Hamersley was well-known as a speed-boat pilot and, in 1925, he made a record run of 2 hours and 38 minutes from New York to Albany in his speedboat Cigarette Jr. In 1926, Cigarette IV won the first national speedboat regatta on the Potomac River and Hamersley received the President's Cup from President Calvin Coolidge. He also raced his schooner, Countess.

==Personal life==
In 1926, Hamersley was married to Hilles Morris (1907–2000), the daughter of Elizabeth (née Wynkoop) Morris stock broker Stuyvesant Fish Morris Jr. and granddaughter Stuyvesant Fish Morris and Elly (née Van Buren) Morris (granddaughter of President Martin Van Buren).
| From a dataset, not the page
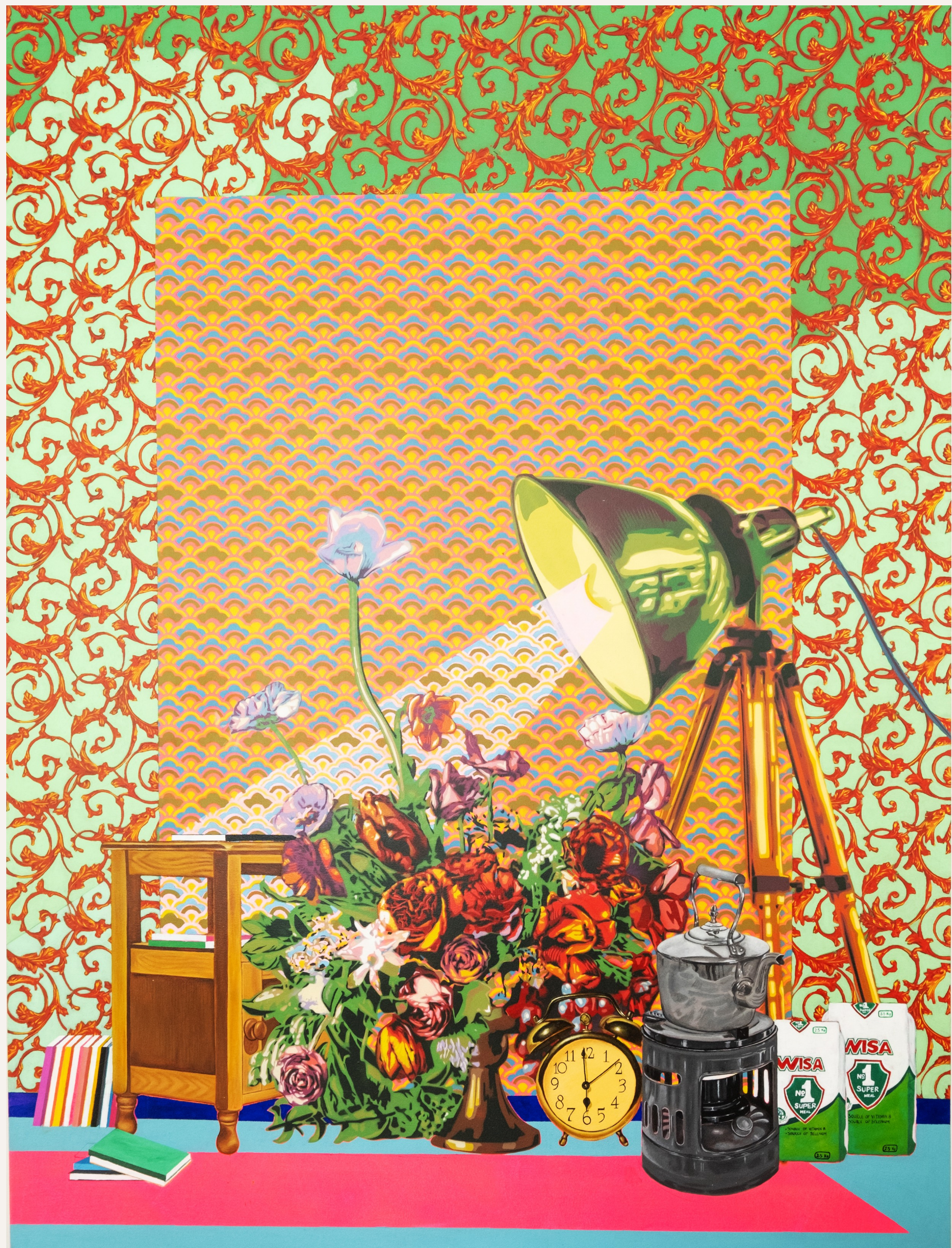
The Rainbow Nation (2023) Oil on canvas 200 x 150 x 5cm (80 x 60 x 2 inches) ZAR 200,000 excl 15% S.A vat

Together, they had residences in Southampton on Long Island, in Palm Beach in Florida, and at 1030 Fifth Avenue in Manhattan, and were the parents of one daughter and three sons:

- Louis Gordon Hamersley Jr. (1928–2008)
- Stuyvesant Morris Hamersley (1932–2014)
- Hilles Elizabeth Hamersley (1935–2014)
- James Hooker Hamersley II (1937–1999), a writer, photographer and pilot.

After a brief illness, he died on June 2, 1942, at Southampton and was buried at Trinity Church Cemetery in Manhattan. After his death, his widow remarried, and was widowed from George Leslie Bartlett and Robert C. L. Timpson, managing partner of W. E. Hutton & Co.